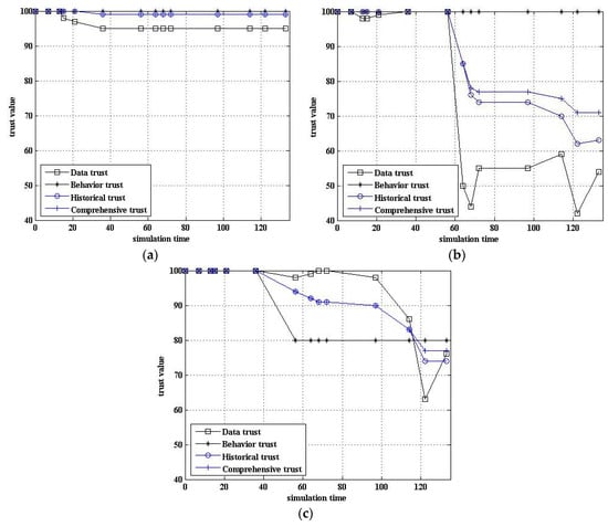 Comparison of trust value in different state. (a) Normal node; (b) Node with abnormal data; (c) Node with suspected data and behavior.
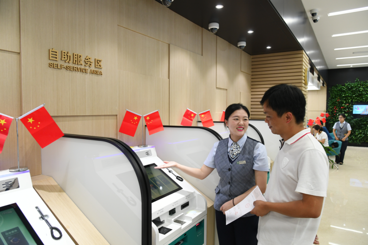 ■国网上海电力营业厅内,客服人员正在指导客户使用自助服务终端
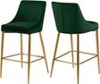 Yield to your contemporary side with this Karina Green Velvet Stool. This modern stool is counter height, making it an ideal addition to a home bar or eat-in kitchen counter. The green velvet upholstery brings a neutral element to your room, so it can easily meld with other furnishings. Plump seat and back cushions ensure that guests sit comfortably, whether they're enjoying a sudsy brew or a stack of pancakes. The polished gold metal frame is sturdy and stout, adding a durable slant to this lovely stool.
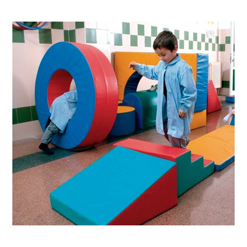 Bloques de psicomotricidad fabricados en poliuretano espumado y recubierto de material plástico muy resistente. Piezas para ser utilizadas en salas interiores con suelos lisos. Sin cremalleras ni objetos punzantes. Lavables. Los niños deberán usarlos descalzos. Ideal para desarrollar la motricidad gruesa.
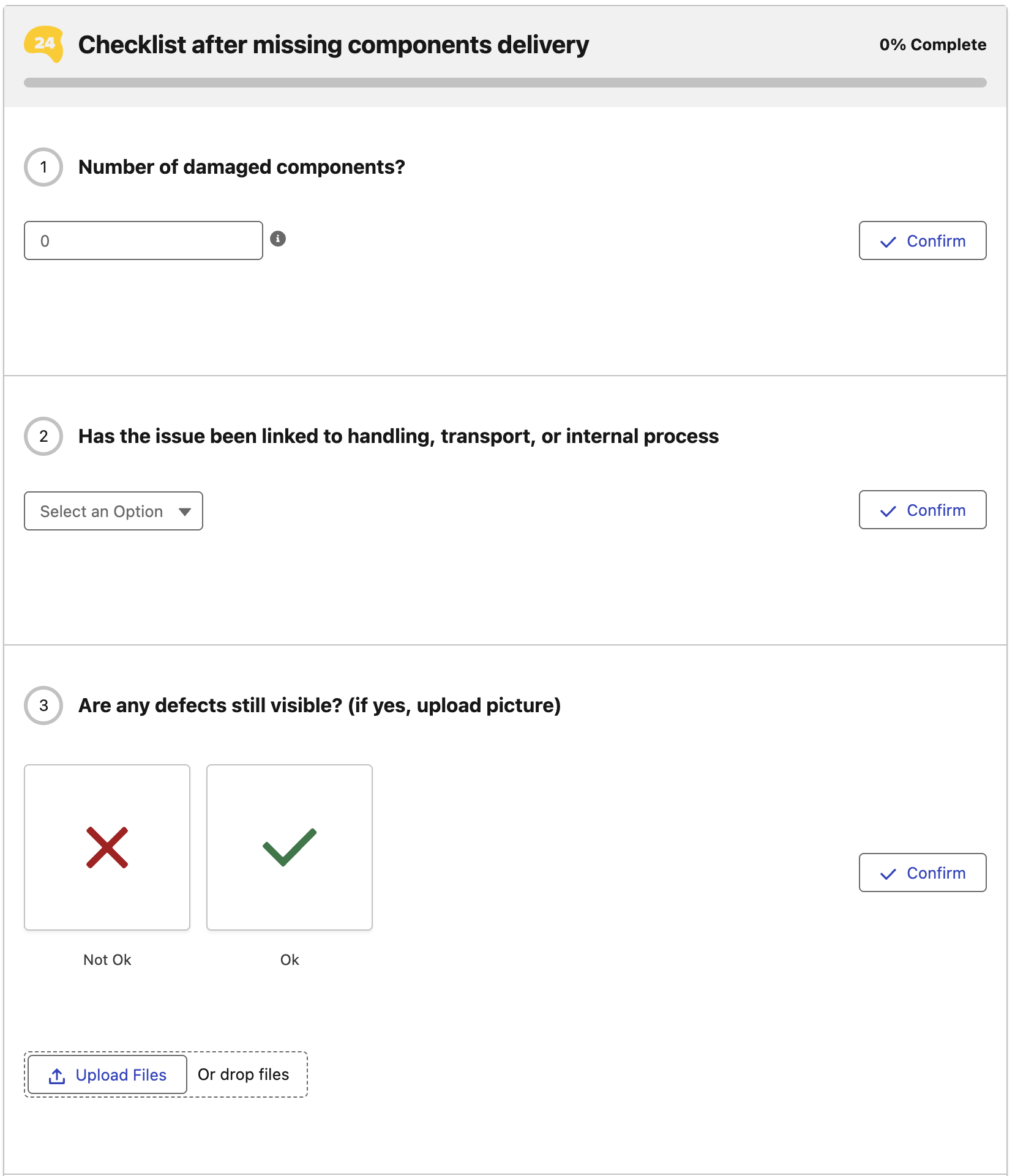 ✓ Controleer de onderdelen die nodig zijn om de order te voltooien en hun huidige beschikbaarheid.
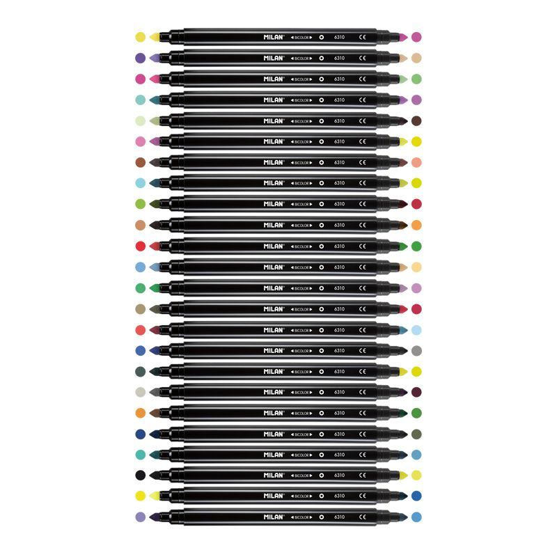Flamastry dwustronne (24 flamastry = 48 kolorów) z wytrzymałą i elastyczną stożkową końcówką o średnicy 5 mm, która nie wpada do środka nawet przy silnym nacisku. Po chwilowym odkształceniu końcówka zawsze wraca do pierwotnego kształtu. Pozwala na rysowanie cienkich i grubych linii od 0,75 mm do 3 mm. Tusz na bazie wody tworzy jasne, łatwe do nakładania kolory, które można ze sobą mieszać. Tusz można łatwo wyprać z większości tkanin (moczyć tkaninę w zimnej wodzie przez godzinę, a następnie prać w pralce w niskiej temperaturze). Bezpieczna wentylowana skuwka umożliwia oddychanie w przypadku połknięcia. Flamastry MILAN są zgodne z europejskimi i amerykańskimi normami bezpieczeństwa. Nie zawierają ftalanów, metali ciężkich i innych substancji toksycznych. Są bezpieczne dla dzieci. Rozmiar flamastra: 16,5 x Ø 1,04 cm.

══════════

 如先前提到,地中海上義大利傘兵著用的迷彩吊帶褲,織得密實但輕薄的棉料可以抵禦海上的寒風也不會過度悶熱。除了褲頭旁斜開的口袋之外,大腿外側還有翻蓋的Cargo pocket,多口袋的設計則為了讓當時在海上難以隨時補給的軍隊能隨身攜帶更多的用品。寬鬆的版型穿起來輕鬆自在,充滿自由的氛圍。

══════════

Exercise requirements = In the listing above, the required lines run from the line with "Yield to your" through the line with "hun huidige beschikbaarheid.". Output exactly those lines, omitting pictures.

Task response =
 Yield to your contemporary side with this Karina Green Velvet Stool. This modern stool is counter height, making it an ideal addition to a home bar or eat-in kitchen counter. The green velvet upholstery brings a neutral element to your room, so it can easily meld with other furnishings. Plump seat and back cushions ensure that guests sit comfortably, whether they're enjoying a sudsy brew or a stack of pancakes. The polished gold metal frame is sturdy and stout, adding a durable slant to this lovely stool.
 Bloques de psicomotricidad fabricados en poliuretano espumado y recubierto de material plástico muy resistente. Piezas para ser utilizadas en salas interiores con suelos lisos. Sin cremalleras ni objetos punzantes. Lavables. Los niños deberán usarlos descalzos. Ideal para desarrollar la motricidad gruesa.
 ✓ Controleer de onderdelen die nodig zijn om de order te voltooien en hun huidige beschikbaarheid.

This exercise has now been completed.